I have successfully confused myself about probability again. 

I am debugging an intermittent crash; it doesn't happen every time I run the program. After much confusion I believe I have traced the problem to a specific line (activating my debug logger, as it happens; irony...) I have tested my program with and without this line commented out. I find that, when the line is active, I get two crashes on seven runs. Without the line, I get no crashes on ten runs. Intuitively this seems like evidence in favour of the hypothesis that the line is causing the crash. But I'm confused on how to set up the equations. Do I need a probability distribution over crash frequencies? That was the solution the last time I was confused over Bayes, but I don't understand what it means to say "The probability of having the line, given crash frequency f", which it seems I need to know to calculate a new probability distribution. 

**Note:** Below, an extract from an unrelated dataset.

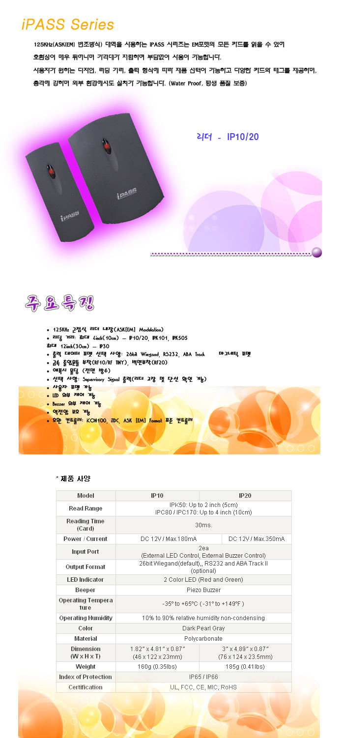 [ID] IP-20(EM 125KHz)(±ÙÁ¢½Ä¸®´õ±â)(Proximity Card Reader)

I'm going to go with my intuition and code on the assumption that the debug logger should be activated much later in the program to avoid a race condition, but I'd like to understand this math. 

New to LessWrong?

New Comment


30 comments, sorted by Click to highlight new comments since:

Well, the problem is that you have uncertainty over the probability of the code crashing with or without fixing the particular bug you're looking for. What you need, in order to apply Bayes, is:

  • A prior model 'pr(f)' of the frequency of the code crashing with the bug present. Which is a distribution over crash frequencies. 1/(f(1-f)) is an ignorance prior that might do the job.
  • I'd assume the probability of the code crashing with the bug fixed is 0, even if that's not strictly true (since there could be other bugs).
  • A prior likelihood 'b' of the bug being on that line of code. This could depend (for instance) on how you identified that particular line to comment out in the first place. I'll call your evidence from running the program E1 (2 crashes out of 7) and E2 (10 runs no crashes)

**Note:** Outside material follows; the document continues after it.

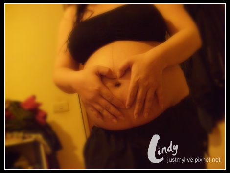 每天看自己肚子都不會覺得有變大,但是久久這樣拍一次肚皮,就覺得真的是一眠大一吋啊!

P(bug on that line| E1, E2) = P(E1, E2 | bug on line) P(bug on that line) / (P(E1, E2)

P(bug on that line) = b

P(E1, E2) = P(E1, E2 | bug on line) + P(E1, E2 | bug elsewhere)

P(E1, E2 | bug on line) = P(E1)P(E2 | bug on line) (since the 2 crashes out of 7 are independent of the bug location)

P(E1, E2 | bug elsewhere) = P(E1)P(E2 | bug elsewhere) (as above)

P(E2 | bug on line) = 1

Given a frequency of crashing 'f', P(E2 | f, bug elsewhere) = (1-f)^10

P(E1|f) = f^2 * (1-f)^5

So, then you need to integrate over all possible values of 'f': P(E1) = Integral over [0,1] of: P(E1|f)pr(f)df

P(E2 | bug elsewhere) = Integral over [0,1] of: P(E2 | f, bug elsewhere)pr(f)df

That's everything you need, the rest is just picking those priors and integrating back up the line. Of course the results are only as good as the priors. A much easier solution is: "The chance of a crash appears to be about 2/7. The chance of getting 10 non-crashes is (5/7)^10 ~= 3.5% " Note that this is not the same as the above, it's an approximation, but it's probably going to be just as good as doing it the hard way.

Incidentally, you need to be aware that, particularly with intermittant bugs, just because commenting out a line stops the crash (even when you're 100% sure of the correlation) that doesn't mean the line itself is the problem. Bugs can be absolutely pathological. For example, if the problem is, say, freeing the same memory twice, then any line that calls a lot of memory allocations will increase the frequency of crashes even if the problem is actually earlier in the code. Also, if the bug is overrunning the end of an array, taking out any line can have a chaotic effect on the optimiser, moving the relative locations of things in memory around and causing the bug to disappear without fixing it (only for it to reappear later). On a simpler level, taking a line out might change the execution path avoiding the bug without fixing it. There seems to be no end to ways in which impossible seeming things can happen in computer code.

Bugs can be absolutely pathological.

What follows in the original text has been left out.